Boundary Waters becomes Minnesota’s first ‘Dark Sky Sanctuary’

12September 2020

Anyone who has camped in the Boundary Waters Canoe Area Wilderness knows that looking up into an unimpeded night sky is one of the joys of the trip, whether it’s to see the Milky Way, the Big Dipper or the aurora borealis.

Now, the International Dark Sky Association has declared the wilderness a certified International Dark Sky Sanctuary, the first one in Minnesota and only the 13th in the world.

At just over 1 million acres, the federal wilderness in northeastern Minnesota — part of the Superior National Forest — is the largest Dark Sky Sanctuary to date.

The International Dark Sky Association is a nonprofit organization founded in 1988 with the goal of reducing light pollution and protecting night skies for the present and into the future. A Dark Sky Sanctuary is “public or private land that has an exceptional or distinguished quality of starry nights and a nocturnal environment that is protected for its scientific, natural or educational value, its cultural heritage and/or public enjoyment.”

“Experiencing the night sky provides perspective, inspiration and leads us to reflect on our humanity and place in the universe,’’ the association noted in making the announcement this week. “The history of scientific discovery and even human curiosity itself is indebted to the natural night sky.”

The effort to certify the Boundary Waters wilderness has been underway since 2008. Far from any major city or development, most of the wilderness is beyond the glow of outdoor lighting that “pollutes” the sky in most populated parts of the state, nation and world.

According to National Geographic, 80 percent of Americans now can’t view the Milky Way from their homes due to light pollution.
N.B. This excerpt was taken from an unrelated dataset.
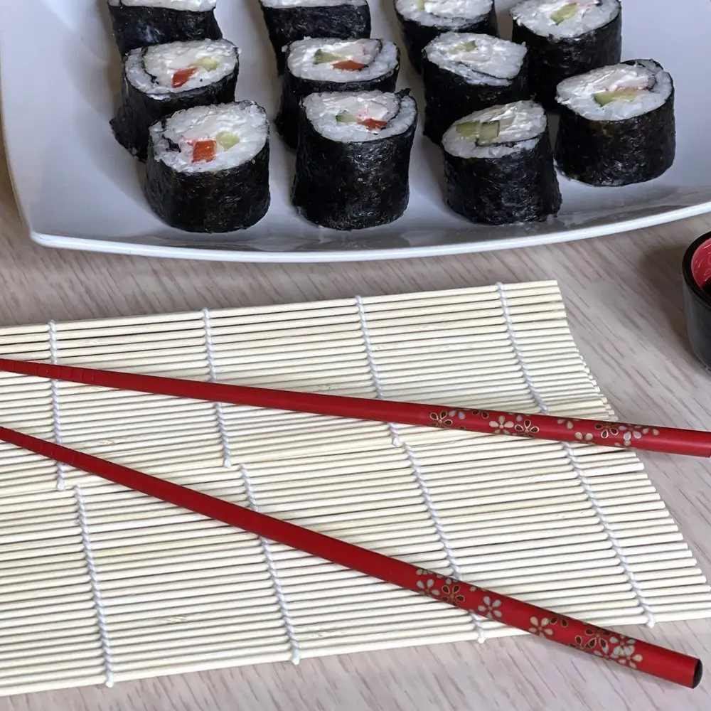 Коврик предназначен для заворачивания роллов и придания им ровной круглой или квадратной формы. Такой коврик необходим каждому, кто решил освоить навыки приготовления роллов в домашних условиях. Также этот коврик подойдёт для приготовления блюд тайской, вьетнамской и азиатской кухни. Подходит для начинающих и профессиональных кулинаров, легко сворачивается и не ломает листы нори. Для вашего удобства можете перед использованием обернуть коврик в пищевую плёнку. С этим ковриком роллы готовятся быстро и легко.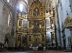 O retábulo principal, considerado uma das obras mais notáveis do barroco espanhol[1] , classificado por alguns como de estilo neoclássico[2] é uma obra do século XVII, da autoria de Alonso de Balbás, que consta de talhas de madeira policromada da autoria de Gregorio Fernández. Das pinturas que o decoram, destacam-se a Anunciação e a Adoração dos Pastores, de Francisco Ricci, a Adoração dos Reis de Luis Fernández e a Circuncisão de Matheo Gallardo.[1][3]

Some researchers worry that humans around the globe are losing access to the scientific, philosophical and spiritual benefits of appreciating a dark sky blanketed by stars.

“We are excited to receive the Dark Skies Sanctuary designation for the BWCAW and are committed to preserving dark sky opportunities for future generations,’’ Connie Cummins, supervisor of the Superior National Forest, said in a statement.

Ann Schwaller, Boundary Waters Canoe Area Wilderness program manager for the Superior National Forest, said existing laws and regulations that dictate management of the wilderness already lead “to the protection of the night skies for scientific, natural, educational, cultural and public enjoyment values, which are all part of protecting wilderness character.”

The Voyageurs National Park Association, a nonprofit group that promotes Minnesota’s only national park, has also applied for formal Dark Sky Sanctuary certification for the park and hopes to receive the official status by year’s end.